Du reste, si l'on devait accepter ce type d'argument, cela nous conduirait à dire : puisqu'en dehors de l'école il va
traîner dans la rue, mettons cet enfant à l'école le soir, les week-ends et pendant les vacances ! Car en effet, dans
une année il y en a beaucoup, des jours et des heures sans école ! Et comment font-ils alors, nos chers parents, dans
ce cas-là ? Notons en passant que cela remettrait aussi en cause le droit de grève ! Pourtant si
chèrement défendu par ceux-là même qui se montreront outrés à l'idée que l'on puisse renvoyer un élève un jour d'une
école primaire... Or, si donc un enfant devait rester à l'école 24h sur 24, cela ne s'appellerait plus vraiment l'école
mais l'internat, solution théoriquement envisageable même si Etat de droit
ne l'a
pas à ce jour prioritairement retenue. C'est-à-dire que cet argument anti-renvoi temporaire conduit paradoxalement
à admettre l'utilité d'un renvoi définitif de l'école primaire dans sa version classique ! Mais nous ne sommes pas à
une contradiction près...
Réaffirmons que
l'école ne
peut pas tout résoudre. Certains y verront peut-être un brin de défaitisme alors que c'est l'inverse ! C'est
en rendant les choses possibles que l'on est constructif ; pas en s'arc-boutant à des solutions tellement utopiques
qu'elles en empêchent toute réalisation. En l'occurrence : vouloir « sauver » tous les élèves via une
éducation sans sanction, c'est, quand un bon nombre d'entre eux ont un comportement déviant, les condamner tous...
On ne reproche pas à un plombier de ne pas peindre. Alors cessons de demander à l'école de faire le travail des
services sociaux, de la police-justice, ou de la psychiatrie ! D'autant qu'on ne lui donne officiellement,
à cette pauvre école, que la permission de tout excuser.
Ainsi, à tout vouloir — et le beurre et l'argent du beurre — on finit par tout perdre. Winston Churchill avait
dit : Ils ont accepté le déshonneur pour avoir la paix, ils auront le déshonneur et la guerre. Tous ceux qui
continuent aujourd'hui à dire : il est possible d'éduquer sans jamais sanctionner, pour avoir ce monde
imaginaire qu'ils ont dans la tête, non seulement ne le verront jamais en vrai, mais auront en plus pénalisé tous
les élèves qui auraient bien voulu travailler et en auront été empêchés pendant des années, ainsi que tous les
fauteurs de trouble qui n'auront jamais pris au sérieux leurs paroles angéliques, se laissant happer par la
vertigineuse
absence de limite à l'école.
Ce terrible manque de lucidité, à vrai dire, c'est une vision de l'homme totalement détaché du monde du vivant : quand les
lions partent à la chasse, est-ce qu'ils choisissent d'attaquer le gnou le plus fort ? Non, ils choisissent toujours le
gnou le moins fort. C'est dans la nature vivante. C'est aussi, si ce n'est dans la nature humaine évoluée, au moins dans
la nature humaine en formation : en l'absence de sanction, l'enfant est naturellement porté à s'en prendre
à un enfant plus faible que lui, ne serait-ce que par jeu. On le déplorera autant qu'on voudra, mais force est de
constater que dans toutes les espèces vivantes — et jusqu'à preuve du contraire, l'Homme en est une... —
toute organisation sociale a besoin, pour sa sérénité, d'un système de sanctions suffisantes et clairement identifiées.
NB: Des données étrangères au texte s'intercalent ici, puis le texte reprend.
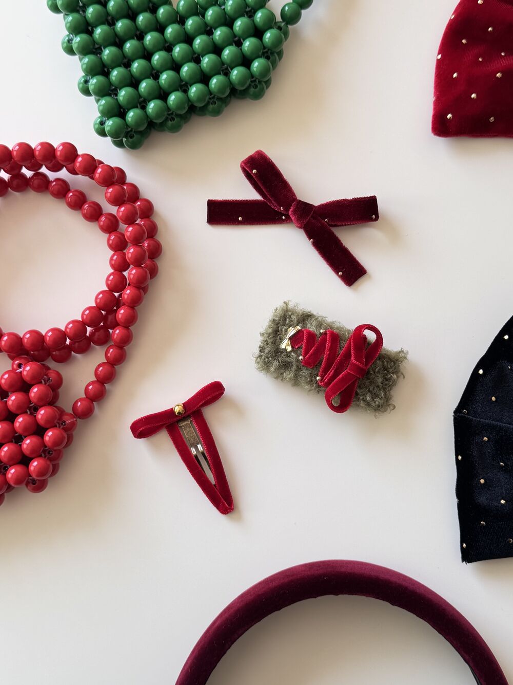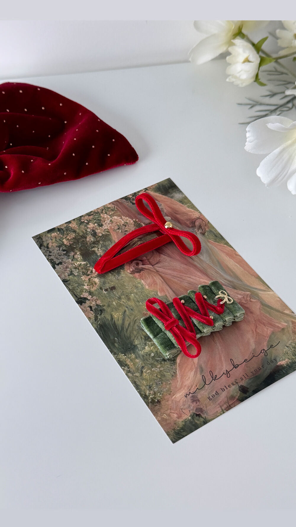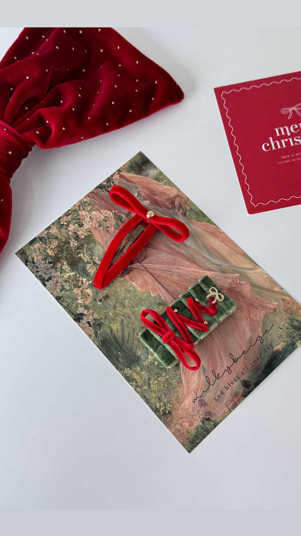 milkybeige, christmas limited set - Red 聖誕限定天鵝絨T蝴蝶結髮夾套裝 2入一組 聖誕紅
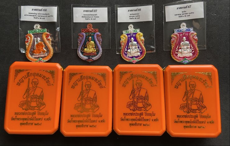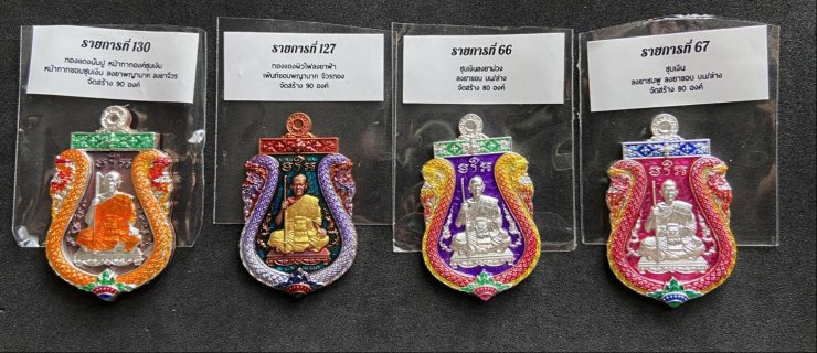 วัดใจเคาะเดียวแดงจ้า เหรียญเสมาพญาเสืออุดมทรัพย์ พระอาจารย์ประสูติ วัดในเตา คละเนื้อ จำนวน4เหรียญ เคาะเดียวแดงจ้า |

Refuser la sanction, c'est la faire subir de façon bien plus brutale et injuste que si elle était préalablement admise.
Réfléchissons encore à notre propre fonctionnement corporel : notre sang n'est-il pas contraint de
circuler dans nos vaisseaux sanguins ? Si notre corps se laissait aller à l'instar du laisser-faire institutionnel «
dévolu » à nos écoles primaires et nos établissements scolaires, nous ne tiendrions pas longtemps... Et si certains
ne s'en rendent toujours pas compte, c'est parce que l'échelle du temps est plus longue pour un système scolaire que pour
un corps humain ; mais le
rétablissement n'en sera que plus long.